When football fans tune in on Super Bowl Sunday next weekend, they’ll be watching a greener Super Bowl, according to the NFL. Demand for carbon credits is booming, with companies from Dell Computer to Enterprise Rent-a-Car offering their customers offsets with their purchases. But critics are concerned that consumers don’t know what they’re buying – or might not be getting what they’re promised.

The 2006 Word of the Year was “carbon netural” in the The New Oxford English Dictionary. But there’s still a lot of debate about what it means. Many people compare the U.S. carbon offset market to the Wild West. Since there is no regulation, how do you know what you’re buying?

There are several guides to carbon offsets that have been created by non-profit organizations, designed to help the average consumer (see related resources). But part of the problem is that many people are still debating what a carbon offset should be. And that’s a debate that can be found in the blogosphere.

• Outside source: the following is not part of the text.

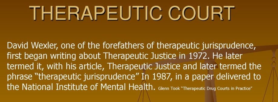 David Wexler, one of the forefathers of therapeutic jurisprudence, first began writing about Therapeutic Justice in He later termed it, with his article, Therapeutic Justice and later termed the phrase therapeutic jurisprudence In 1987, in a paper delivered to the National Institute of Mental Health. Glenn Took Therapeutic Drug Courts in Practice Therapeutic Jurisprudence concentrates on the law’s impact on emotional life and psychological well-being. It is a perspective that regards the law (rules of law, legal procedures, and roles of legal actors) itself as a social force that often produces therapeutic or anti-therapeutic consequences. It does not suggest that therapeutic concerns are more important than other consequences or factors, but it does suggest that the law’s role as a potential therapeutic agent should be recognized and systematically studied. Wexler.

One place you can find it is on the Grist.org blog which has many bloggers writing about green issues. Forestry offset projects, which sell credits based on the fact that trees sequester– or hold carbon dioxide, have come under fire. You can read about a few of the critiques here, here and here.

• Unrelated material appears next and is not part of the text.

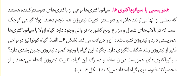 سلام ببخشید در گزینه 4 طبق متن کتاب نگفته که این سیانو باکتری ها وریزوبیوم ها نیتروژن جو رو به چه چیزی تبدیل می کنند ولی استاد گفتند گه به امونیوم ولی اگه تست شمارشی باشه مثلا بگه که سیانو باکتری ها نیتروژن جورو به امونیوم تبدیل می کنند اون وقت درست بگیریم؟؟

Another blog, Treehugger.com, has followed the issue as well. They posted this comparison of offset providers to help their readers do their homework and this more in depth guide on the issues buyers should be aware of.

Of course, one of the earliest debates over offsets was whether offsets would act as “indulgences”, distracting consumers from making concrete changes in their lifestyles to reduce their carbon footprint. Terrapass, one offset retailer, has tried to investigate this by surveying their customers. They found that the majority of them had already had green habits. Still, the virtues of offsets are a matter of personal opinion.

You may listen to the “Cashing in on Carbon” radio report online, as well as find additional links and resources.

Lauren Sommer is an Associate Media Producer for QUEST.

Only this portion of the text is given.